6. Reduced Buffer Sizes

- Result buffer size reduced from 128 to 64 bytes (only needs to hold one G1 point)
- Removes 256-byte error buffer entirely

Signed-off-by: Simon Dudley <[email protected]>
Co-authored-by: Ivo Kubjas <[email protected]>
Signed-off-by: Simon Dudley <[email protected]>
The pairing function now writes results (0x01 or 0x00) directly to the output buffer and only returns error codes for actual errors, eliminating the previous hack of using an error code to represent a valid pairing result of zero.
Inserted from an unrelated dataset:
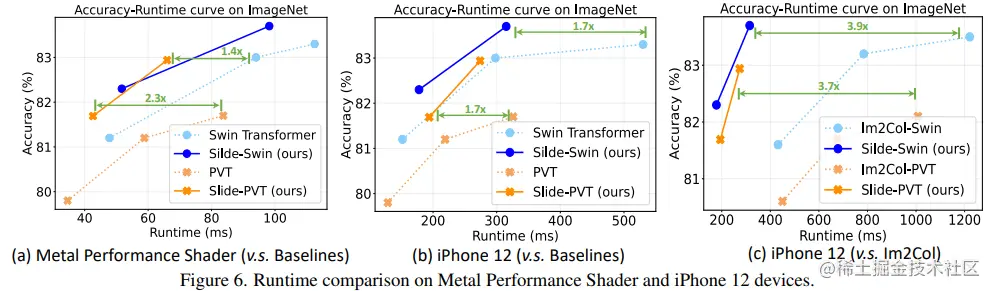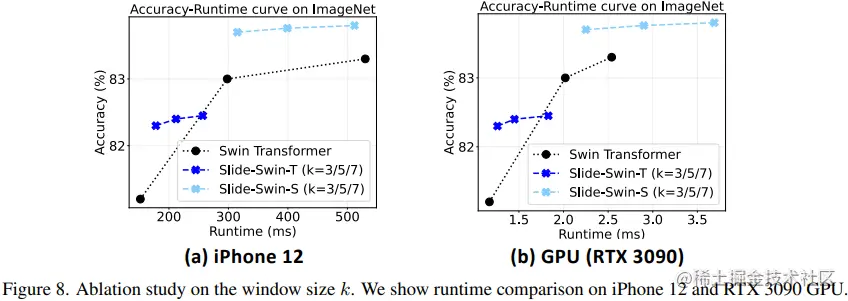重点看下上图,图中展示了所提方法在不同硬件下的实际推理时间,包括边缘端(iPhone 12)和服务器端(RTX 3090)。可以看出,与基线相比,嵌入滑动注意力模块后可以在不同设备上的运行时和模型性能之间表现出明显更好的权衡,并且在 Vision Transformer 模型上实现了高达 2.3 倍的加速。顺便一提,对于其他局部注意力模块,由于基于 CUDA 的方法无法在这些设备上实现,作者这里仅将所提方法与基于 Im2Col 的方法进行比较。

Signed-off-by: Simon Dudley <[email protected]>
Signed-off-by: Simon Dudley <[email protected]>
@macfarla macfarla mentioned this pull request Nov 4, 2025
6 tasks
inputBytes.length,
output);

if (errorCode != LibGnarkEIP196.EIP196_ERR_CODE_SUCCESS) {
Copy link
Contributor

Choose a reason for hiding this comment

The reason will be displayed to describe this comment to others. Learn more.
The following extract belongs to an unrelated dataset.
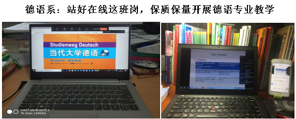 根据各级有关部门安排和指示,以疫情防控期间保质保量开展德语专业在线教学为目标导向,德语系于2020年2月初开始积极准备德语专业在线教学相关工作。一是做好教学安排预案。系部上下统一思想,利用QQ和微信群保持密切沟通和高度协作。严格遵照教务处2019-2020学年第2学期本科教学工作安排,提前做好疫情防控期间的教学安排预案,汇总教学组织和管理工作实施情况一览表,对本部门存在的相关问题进行汇总并提出解决方案和改善建议。二是做好各项摸排工作。摸排专业课程的线上授课平台,积极开展在线教学技术学习,并联系各大出版社寻找教材电子版和音视频资料,保障教学资源及时到位,针对线上教学模式的需求重新备课,合理设计分享界面的教学板书。此外,做好各项信息汇总,完成教学组织安排、教学联络人信息以及不能开展网络课程的课表调整申请表的汇总工作。三是站好每一班岗位,扮演好每一个角色。虽然德语系师资短缺,但每位教师既站好教学岗,也做好专业班班主任工作,她们以专业班级为单位,高效完成学生数据和授课教师数据的汇总,并为专业学生传达好校公选课信息。四是做好线上测试工作。在正式开展线上教学之前,任课教师做好线上教学的各平台测试,并及时反馈测试情况,提前发现问题,积极调试,做好预判,对可能出现的问题提前准备好应对方案,确保德语专业在线教学保质保量地开展。

can we call err_code_success return_code_success?

Copy link
Contributor Author

Choose a reason for hiding this comment

The reason will be displayed to describe this comment to others. Learn more.
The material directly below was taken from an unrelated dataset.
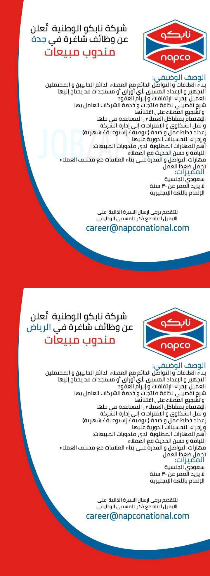 توفر وظائف شاغرة لحملة الثانوية فما فوق بمجال المبيعات للعمل بـ (جدة، الرياض) - مع ملاحظة أن التقديم متاح للسعوديين فقط، وفقاً للتفاصيل التالية:

we could, but it stems from this set of related go consts and it's idiomatic to share the same prefix, so would need to change them all to returnCode and most of them are indeed errorCodes https://github.com/hyperledger/besu-native/pull/301/files#diff-9622b17a1165cbfa1780cbc92d116bcbbcb4136daf03dd3d0aa4f9d77373a2ddR35-R41
I'm leaning towards keeping unless you feel strongly to change them all to returnCode...?

Copy link

@ivokub ivokub left a comment

Choose a reason for hiding this comment

The reason will be displayed to describe this comment to others. Learn more.

I also recommend updating gnark-crypto dependency to v0.19.2 (most recent). Most concretely, it contains optimizations for scalar multiplication in case scalars are small.

For a lot of use-cases it can provide significant speedup (Consensys/gnark-crypto#703). It will be less evident due to JNI.

To update:

cd gnark/gnark-jni
go get github.com/consensys/[email protected]
go mod tidy

I built and ran unit tests locally and tests pass. I didn't run evmtool.

Otherwise, the changes look good - I think passing directly the pairing return value is better with my previous approach (by passing it through error code).

assertThat(errorCode).isEqualTo(LibGnarkEIP196.EIP196_ERR_CODE_SUCCESS);
// The key test: byte 31 should have been written by Go code (either 0x00 or 0x01, not 0xFF)
assertThat(output[31]).isNotEqualTo((byte) 0xFF);
assertThat(output[31]).isIn((byte) 0x00, (byte) 0x01);
Copy link

Choose a reason for hiding this comment

The reason will be displayed to describe this comment to others. Learn more.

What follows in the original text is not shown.